**DATA SECTION:**
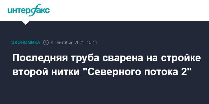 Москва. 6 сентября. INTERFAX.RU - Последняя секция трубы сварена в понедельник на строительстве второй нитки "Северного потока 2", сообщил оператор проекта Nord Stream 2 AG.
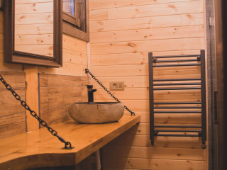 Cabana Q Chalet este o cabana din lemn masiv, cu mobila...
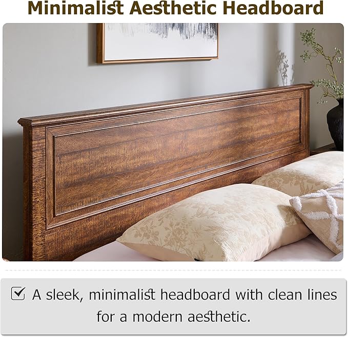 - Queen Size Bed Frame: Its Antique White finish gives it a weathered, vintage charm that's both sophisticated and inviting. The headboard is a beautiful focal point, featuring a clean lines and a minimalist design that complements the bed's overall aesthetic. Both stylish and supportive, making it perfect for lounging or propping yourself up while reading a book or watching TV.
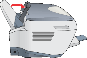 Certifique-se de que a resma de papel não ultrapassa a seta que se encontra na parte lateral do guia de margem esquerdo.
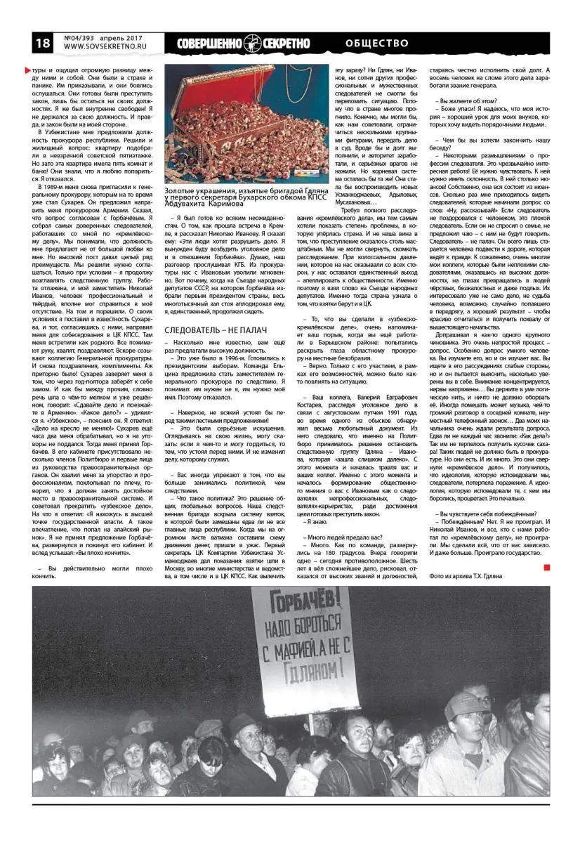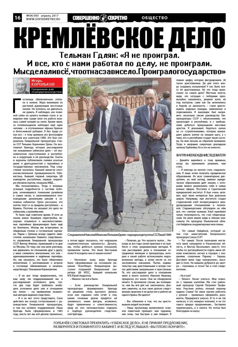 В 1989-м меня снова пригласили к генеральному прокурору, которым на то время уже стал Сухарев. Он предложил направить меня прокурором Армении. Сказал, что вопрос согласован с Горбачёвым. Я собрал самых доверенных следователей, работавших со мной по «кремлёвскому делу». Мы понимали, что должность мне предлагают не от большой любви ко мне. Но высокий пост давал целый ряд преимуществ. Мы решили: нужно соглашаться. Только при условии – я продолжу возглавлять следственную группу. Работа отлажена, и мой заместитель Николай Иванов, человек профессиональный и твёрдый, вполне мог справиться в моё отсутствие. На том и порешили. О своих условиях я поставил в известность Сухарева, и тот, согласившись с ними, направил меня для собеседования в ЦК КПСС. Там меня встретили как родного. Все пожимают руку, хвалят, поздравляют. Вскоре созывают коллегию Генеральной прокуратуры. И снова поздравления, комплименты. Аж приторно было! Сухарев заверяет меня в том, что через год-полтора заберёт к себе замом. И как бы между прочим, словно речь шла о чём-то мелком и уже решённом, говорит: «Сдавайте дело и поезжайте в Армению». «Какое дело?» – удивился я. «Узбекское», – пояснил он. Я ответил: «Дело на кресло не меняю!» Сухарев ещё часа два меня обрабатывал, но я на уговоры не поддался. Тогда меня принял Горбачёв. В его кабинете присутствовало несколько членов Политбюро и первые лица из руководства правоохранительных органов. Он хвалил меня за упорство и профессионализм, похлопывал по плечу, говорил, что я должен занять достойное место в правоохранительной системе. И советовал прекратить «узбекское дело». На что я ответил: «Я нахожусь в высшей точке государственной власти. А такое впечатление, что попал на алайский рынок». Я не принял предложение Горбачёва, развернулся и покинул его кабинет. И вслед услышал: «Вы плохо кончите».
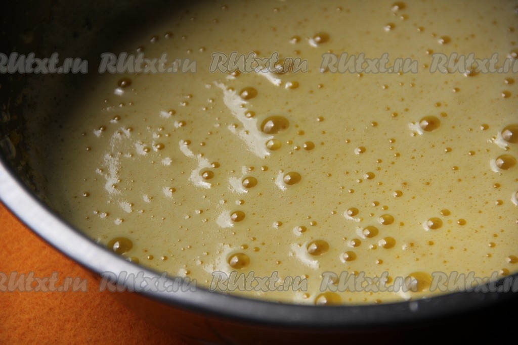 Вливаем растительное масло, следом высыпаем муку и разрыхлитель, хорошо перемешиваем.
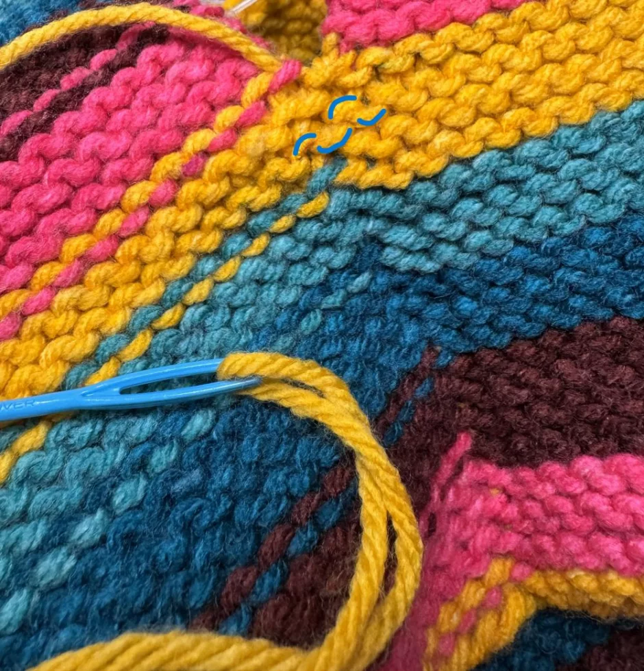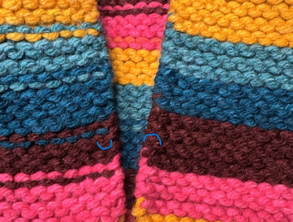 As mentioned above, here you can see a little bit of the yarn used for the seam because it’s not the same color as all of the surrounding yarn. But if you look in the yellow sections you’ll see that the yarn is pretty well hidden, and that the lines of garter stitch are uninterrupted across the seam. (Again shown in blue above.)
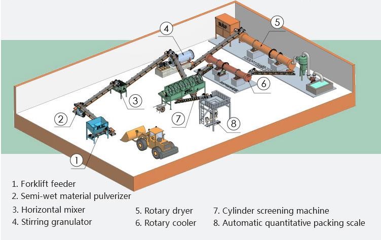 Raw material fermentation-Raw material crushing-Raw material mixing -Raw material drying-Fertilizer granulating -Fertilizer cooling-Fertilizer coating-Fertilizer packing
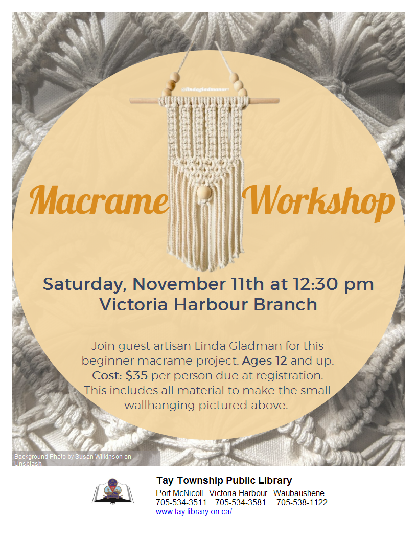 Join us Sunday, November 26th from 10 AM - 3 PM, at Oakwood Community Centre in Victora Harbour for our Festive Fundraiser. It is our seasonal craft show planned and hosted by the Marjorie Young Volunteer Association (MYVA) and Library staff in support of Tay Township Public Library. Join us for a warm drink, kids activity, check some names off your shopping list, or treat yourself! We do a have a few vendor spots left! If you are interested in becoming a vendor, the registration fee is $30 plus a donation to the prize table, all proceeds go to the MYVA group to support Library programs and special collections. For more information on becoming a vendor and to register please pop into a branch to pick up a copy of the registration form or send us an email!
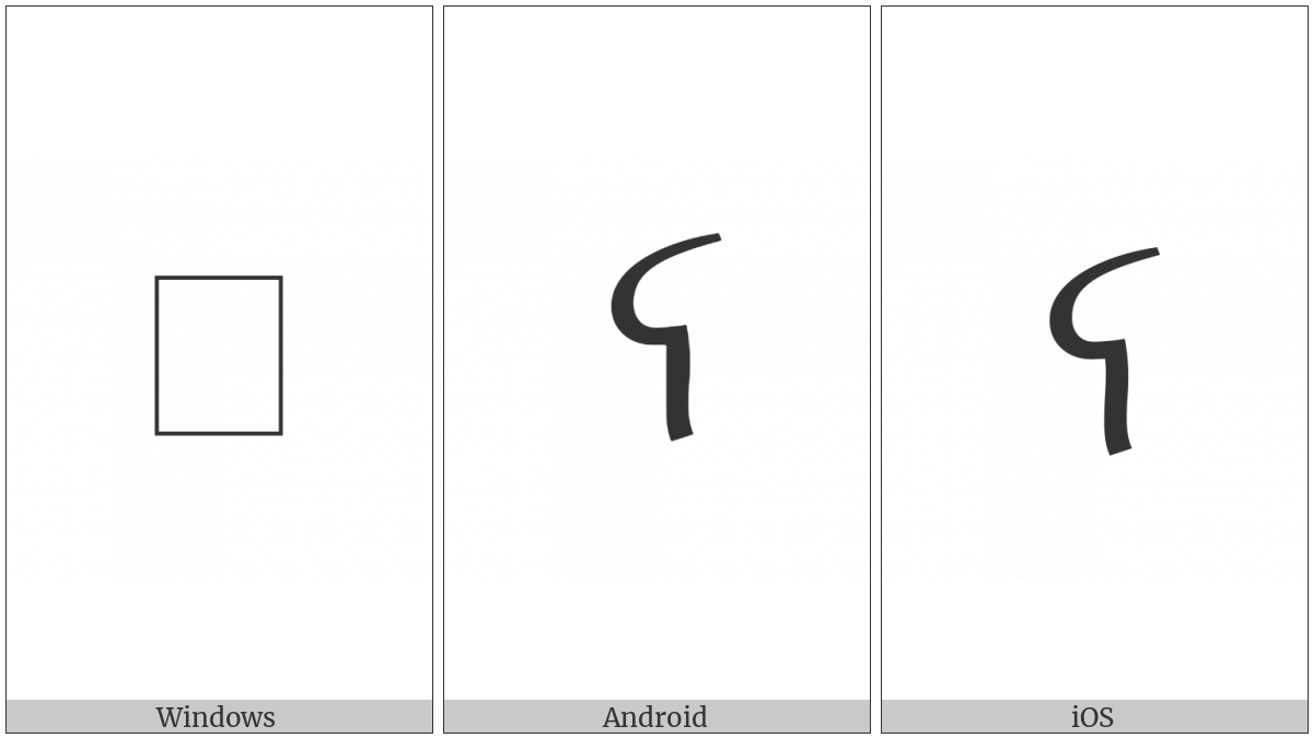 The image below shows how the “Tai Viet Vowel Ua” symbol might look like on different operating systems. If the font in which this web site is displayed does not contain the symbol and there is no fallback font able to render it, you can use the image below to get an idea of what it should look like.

**DIRECTIONS:** In your answer, repeat the material above in full, exactly, and without its pictures.

**ANSWER SECTION:**
 Москва. 6 сентября. INTERFAX.RU - Последняя секция трубы сварена в понедельник на строительстве второй нитки "Северного потока 2", сообщил оператор проекта Nord Stream 2 AG.
 Cabana Q Chalet este o cabana din lemn masiv, cu mobila...
 - Queen Size Bed Frame: Its Antique White finish gives it a weathered, vintage charm that's both sophisticated and inviting. The headboard is a beautiful focal point, featuring a clean lines and a minimalist design that complements the bed's overall aesthetic. Both stylish and supportive, making it perfect for lounging or propping yourself up while reading a book or watching TV.
 Certifique-se de que a resma de papel não ultrapassa a seta que se encontra na parte lateral do guia de margem esquerdo.
 В 1989-м меня снова пригласили к генеральному прокурору, которым на то время уже стал Сухарев. Он предложил направить меня прокурором Армении. Сказал, что вопрос согласован с Горбачёвым. Я собрал самых доверенных следователей, работавших со мной по «кремлёвскому делу». Мы понимали, что должность мне предлагают не от большой любви ко мне. Но высокий пост давал целый ряд преимуществ. Мы решили: нужно соглашаться. Только при условии – я продолжу возглавлять следственную группу. Работа отлажена, и мой заместитель Николай Иванов, человек профессиональный и твёрдый, вполне мог справиться в моё отсутствие. На том и порешили. О своих условиях я поставил в известность Сухарева, и тот, согласившись с ними, направил меня для собеседования в ЦК КПСС. Там меня встретили как родного. Все пожимают руку, хвалят, поздравляют. Вскоре созывают коллегию Генеральной прокуратуры. И снова поздравления, комплименты. Аж приторно было! Сухарев заверяет меня в том, что через год-полтора заберёт к себе замом. И как бы между прочим, словно речь шла о чём-то мелком и уже решённом, говорит: «Сдавайте дело и поезжайте в Армению». «Какое дело?» – удивился я. «Узбекское», – пояснил он. Я ответил: «Дело на кресло не меняю!» Сухарев ещё часа два меня обрабатывал, но я на уговоры не поддался. Тогда меня принял Горбачёв. В его кабинете присутствовало несколько членов Политбюро и первые лица из руководства правоохранительных органов. Он хвалил меня за упорство и профессионализм, похлопывал по плечу, говорил, что я должен занять достойное место в правоохранительной системе. И советовал прекратить «узбекское дело». На что я ответил: «Я нахожусь в высшей точке государственной власти. А такое впечатление, что попал на алайский рынок». Я не принял предложение Горбачёва, развернулся и покинул его кабинет. И вслед услышал: «Вы плохо кончите».
 Вливаем растительное масло, следом высыпаем муку и разрыхлитель, хорошо перемешиваем.
 As mentioned above, here you can see a little bit of the yarn used for the seam because it’s not the same color as all of the surrounding yarn. But if you look in the yellow sections you’ll see that the yarn is pretty well hidden, and that the lines of garter stitch are uninterrupted across the seam. (Again shown in blue above.)
 Raw material fermentation-Raw material crushing-Raw material mixing -Raw material drying-Fertilizer granulating -Fertilizer cooling-Fertilizer coating-Fertilizer packing
 Join us Sunday, November 26th from 10 AM - 3 PM, at Oakwood Community Centre in Victora Harbour for our Festive Fundraiser. It is our seasonal craft show planned and hosted by the Marjorie Young Volunteer Association (MYVA) and Library staff in support of Tay Township Public Library. Join us for a warm drink, kids activity, check some names off your shopping list, or treat yourself! We do a have a few vendor spots left! If you are interested in becoming a vendor, the registration fee is $30 plus a donation to the prize table, all proceeds go to the MYVA group to support Library programs and special collections. For more information on becoming a vendor and to register please pop into a branch to pick up a copy of the registration form or send us an email!
 The image below shows how the “Tai Viet Vowel Ua” symbol might look like on different operating systems. If the font in which this web site is displayed does not contain the symbol and there is no fallback font able to render it, you can use the image below to get an idea of what it should look like.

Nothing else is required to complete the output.